It would not have occurred to me that "lock inc" increments "without
locking". I understand that's different from a lock value sitting in
the data object but I thought that "lock-free algorithm" meant one
that didn't assert any of these hardware locks either. Maybe I'm
wrong.
Just do the locking properly and worry about optimisations later.

That has already been tried, and found to be unacceptably slow for the
purpose at hand. Now we're looking for the optimizations.
 
R

Rhodri James

It would not have occurred to me that "lock inc" increments "without
locking". I understand that's different from a lock value sitting in
the data object but I thought that "lock-free algorithm" meant one
that didn't assert any of these hardware locks either. Maybe I'm
wrong.

I tend to live in single-core worlds, so "inc" on its lonesome works
just fine.
That has already been tried, and found to be unacceptably slow for the
purpose at hand. Now we're looking for the optimizations.

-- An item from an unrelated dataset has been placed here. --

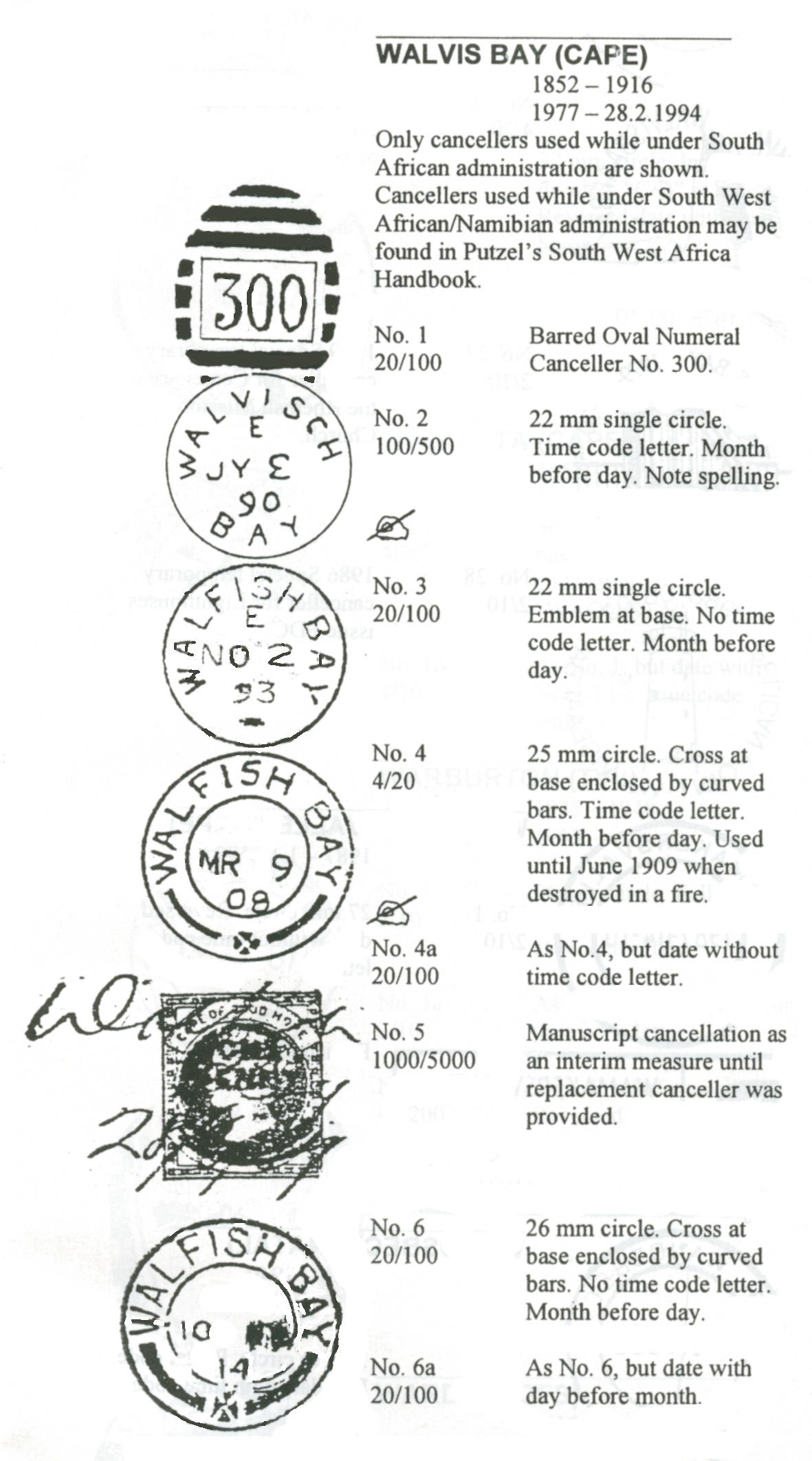 A Brief History of Walvisch / Walfish Bay Cancellers Possibly Relating to the Fire of 1909.I have used Ralph Putzel's 'The Postmarks of SA' which shows examples of the postmarks and F/V (Frescura / Visser) 'Revised Listing of the Post Offices and Postal Marking of the Cape of Good Hope 1792 -1910', (Second Post Publication Draft, 09.23) which does not show postmarks but which does show Earliest Recorded (ER) and Last Recorded (LR) dates of postmark use, which Putzel does not.
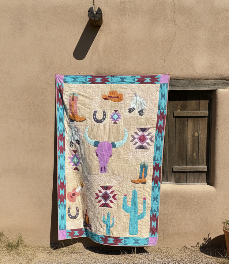 This quilt has truly been a creative adventure for me, one that began with a bit of TV inspiration and turned into a fabric journey through the dusty trails and sunlit skies of the Southwest.

In that case I'd second the suggestion of taking a long, hard look
at the Linux core locking and synchronisation primatives.
 
B

Brendan Miller

It would not have occurred to me that "lock inc" increments "without
locking". I understand that's different from a lock value sitting in
the data object but I thought that "lock-free algorithm" meant one
that didn't assert any of these hardware locks either. Maybe I'm
wrong.

Right... I was wondering about that. Well, any kind of memory access
gets exclusive control of the bus except on NUMA, but I'm wondering
how CMPXCHG
http://en.wikipedia.org/wiki/Compare-and-swap

compares to XADD performance wise.

It seems to me that both of them must pull the old value across the
bus, hang onto the bus, and move the new value in. Maybe since XADD
needs to perform arithmetic there will be a few cycles lag between
getting the old value and pushing the new value? Maybe CMPXCHG doesn't
go through the ALU?

If the bus isn't just sitting idle and you can immediately push out
the new value then there's no real locking. Actually this article
explicitly mentions CMPXCHG as lock free.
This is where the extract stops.